Further, described order-checking system also comprises order-checking refined solution, EDTA, dehydrated alcohol, 75% ethanol, HIDI and BigdyeTerminatorV3.1.
Further, described order-checking refined solution comprises shrimp alkaline phosphotase and exonuclease I.
The present invention devises amplification and covers and detect that 7 of FIX gene full exon sequence aligns, reverse primer, and the upstream primer 5 ' at pcr amplification of novelty end and downstream primer 5 ' are held and added the M13-F primer sequence of a segment length 18bp and the M13-R primer sequence of long 16bp respectively.Introduced M13-F and M13-R primer sequence all can be brought in such amplified production two ends, and when carrying out sequencing reaction subsequently, all amplified productions can use unified M13-F and M13-R primer to carry out forward and reverse order-checking.Because FIX gene has 8 exons, each pattern detection needs amplification 7 PCR primer, if each product uses respective sequencing primer to check order, operation will be very loaded down with trivial details, also very easily causes pollution.And the such design of this test kit effectively avoids this problem, enormously simplify the operation steps of sequencing reaction, makes whole process very convenient.Simultaneously by the reaction conditions such as concentration, annealing temperature of the forward and reverse primer of adjustment, amplification efficiency can be made to reach best.

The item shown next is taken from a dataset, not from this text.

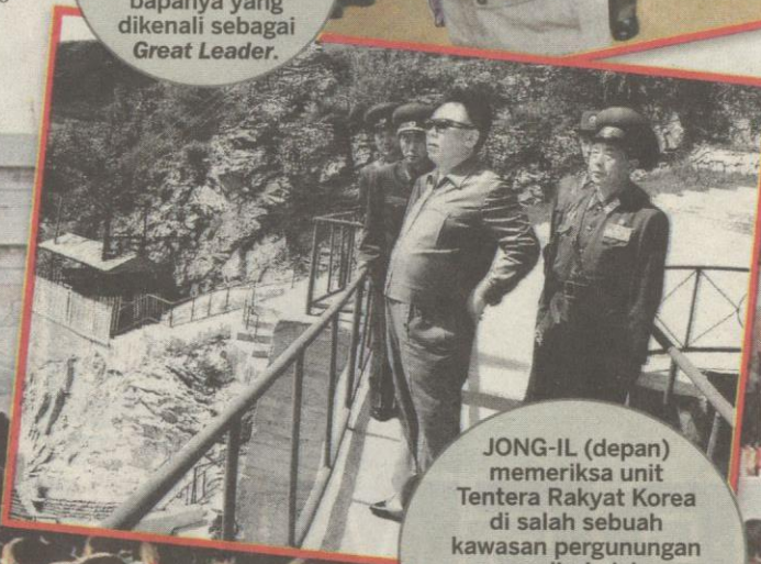
JONG-IL (depan) memeriksa unit Tentera Rakyat Korea di salah sebuah kawasan pergunungan yang dirahsiakan di Korea Utara. Gambar ini disiarkan di Tokyo pada bulan Ogos 1994.

JONG-IL memakai gelaran Dear Leader menggunakan acuan yang sama dengan bapanya yang dikenali sebagai Great Leader .

Utilize expansion primer of the present invention and sequencing primer, Sanger sequencing is adopted to detect the sudden change of the full exon sequence of FIX gene, whole full exon sequence can be expanded, by the analysis of sequencing result, the transgenation situation of the full exon of FIX gene can be got information about very much, not by FIX sudden change variation and the impact not having mutantional hotspot, all mutational sites to be detected can be covered, and save testing cost significantly; There is very high specificity and accuracy; Adopt PCR method amplifying target genes and its gene pleiomorphism of order-checking detection, have highly sensitive, simple to operate, low cost and other advantages.
Accompanying drawing explanation
The detected result figure of Fig. 1 sample 1.
The detected result figure of Fig. 2 sample 2.
The detected result figure of Fig. 3 sample 3.
The detected result figure of Fig. 4 sample 4.
The detected result figure of Fig. 5 sample 5.
The detected result figure of Fig. 6 sample 6.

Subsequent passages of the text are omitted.